Media Releases - 02 March 2021

Minister signs extinction certificates for 13 species

  • Environment Minister Sussan Ley has signed off on the official extinction of 13 species under Australia’s EPBC Act including that of the Christmas Island Pipistrelle and the Christmas Island Forest Skink.
  • The official notice was made public on the Departmental website yesterday without any commentary, media release or proposed response from the Department or the Minister.
  • The Threatened Species Scientific Committee has re-examined the status of Australia’s mammals and determined that 11 mammal species should be declared extinct and that one subspecies that was previously determined to be extinct is actually a full species. This increases the number of extinct Australian mammal full species by 12 from 22 to 34 species. 
  • This latest update cements Australia’s reputation as the mammal extinction capital of the world with 34 extinct mammal species. The next nearest nation is Haiti with 9 extinct mammal species.
The Christmas Island Pipistrelle has been declared officially extinct by the Environment Minister.

Suzanne Milthorpe, the Wilderness Society’s National Environment Laws Campaign Manager provides the following comments on the latest update of Australia’s endangered species list.

“It’s official. 34 mammal species have been lost from Australia and as these species are found nowhere else, we’ve also lost them from the planet and from all of time. There’s not another country, rich or poor, that has anything like this record. 

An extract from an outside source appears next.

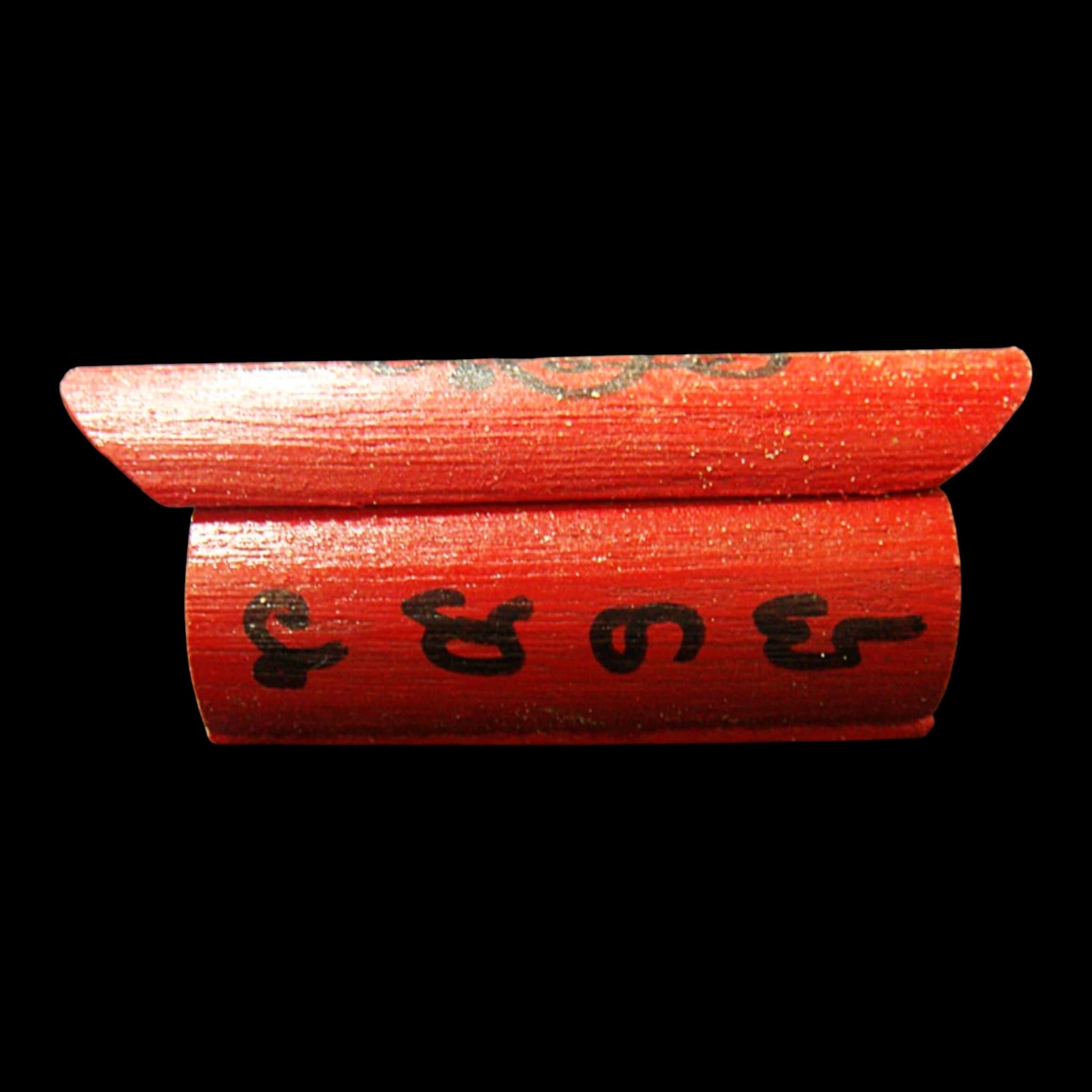 Sacred Material: Hand-formed from Sacred Coffin Wood and painted a brilliant Red, which powerfully channels Chinese beliefs in luck, prosperity and joy. It contains potent herbs and a ghost figure but no human spirit material.

“Scientists have cast their eye over the ledger of loss and found that we’ve deeply undercounted. Some of these are species that disappeared decades or even a century ago, but with the case of the Christmas Island Pipistrelle, it was last seen in 2009. 

“The Environment Minister shouldn’t need reminders of the problem at hand. Every State of Environment Report shows us what is happening. The recent Samuel Review is yet another reminder. But in signing these extinction certificates the Minister must surely be moved to drive change.

“The Samuel Review provides a template for reform that makes a sizeable improvement on the status quo and was clearly designed in a way that it could be implemented by a conservative government. The Morrison Government has a roadmap of reform that came from their handpicked reviewer and is ready to go. 

“But unfortunately, we haven’t seen a full response to the Review from the Morrison Government yet, only a disjointed attempt to devolve their environmental responsibilities to the states. Without the full package Samuel made clear that extinction and a decline of our iconic natural areas will continue. We deeply hope that this latest warning from nature and scientists is one that will be acted upon,” Suzanne Milthorpe concluded.